Question

Which of the following ion is not tetrahedral in shape:
A.$B{F_4}^ -$
B.$N{H_4}^ +$
C.$S{F_4}$
D.$C{F_4}$

Answer 1

The three dimensional arrangement of atoms that constitute a molecule is known as its molecular geometry. It includes the shape of the molecule as well as bond lengths, bond angles and other geometrical parameters that determines the position of each atom.

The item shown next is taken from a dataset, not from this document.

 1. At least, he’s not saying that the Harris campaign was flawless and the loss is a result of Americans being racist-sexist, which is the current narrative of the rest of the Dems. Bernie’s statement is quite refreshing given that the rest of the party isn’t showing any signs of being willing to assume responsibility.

Complete step by step answer:
Generally we use a formula for a molecule to calculate its hybridization and from hybridization we calculate the shape of the molecule.
The formula used is:
$H = \dfrac{1}{2}\left[ {V + M - C + A} \right]$
Where,
$H$ is the number of orbitals involved in hybridization.
$V$ is the number valence electrons of a central atom.
$C$ is in charge of cation.
$A$ is in charge of anion.
$M$ is the number of monovalent atoms linked to the central atom.
For $B{F_4}^ -$
$H = \dfrac{1}{2}\left[ {3 + 4 - 0 + 1} \right] = 4$
Therefore its hybridization is $s{p^3}$ and its shape will be tetrahedral.
For $N{H_4}^ +$
$H = \dfrac{1}{2}\left[ {5 + 4 - 1 + 0} \right] = 4$
Therefore its hybridization is $s{p^3}$ and its shape will be tetrahedral.
For $S{F_4}$
$H = \dfrac{1}{2}\left[ {6 + 4 - 0 + 0} \right] = 5$
Therefore its hybridization is $s{p^3}d$ and its shape will be see-saw.
For $C{F_4}$
$H = \dfrac{1}{2}\left[ {4 + 4 - 0 + 0} \right] = 4$
Therefore its hybridization is $s{p^3}$ and its shape will be tetrahedral.
Hence in all these calculations we found that the hybridization of $S{F_4}$ is $s{p^3}d$, molecules with this hybridization does not give tetrahedral shape so the only molecule/ion that has shape other than tetrahedral is $S{F_4}$.

Hence, option (C) is correct.

Note: Some ions/molecules have lone pairs with them which change their shapes from the expected one, same is the case of $S{F_4}$, it has one lone pair which contributes in hybridization and changes its shape to see-saw.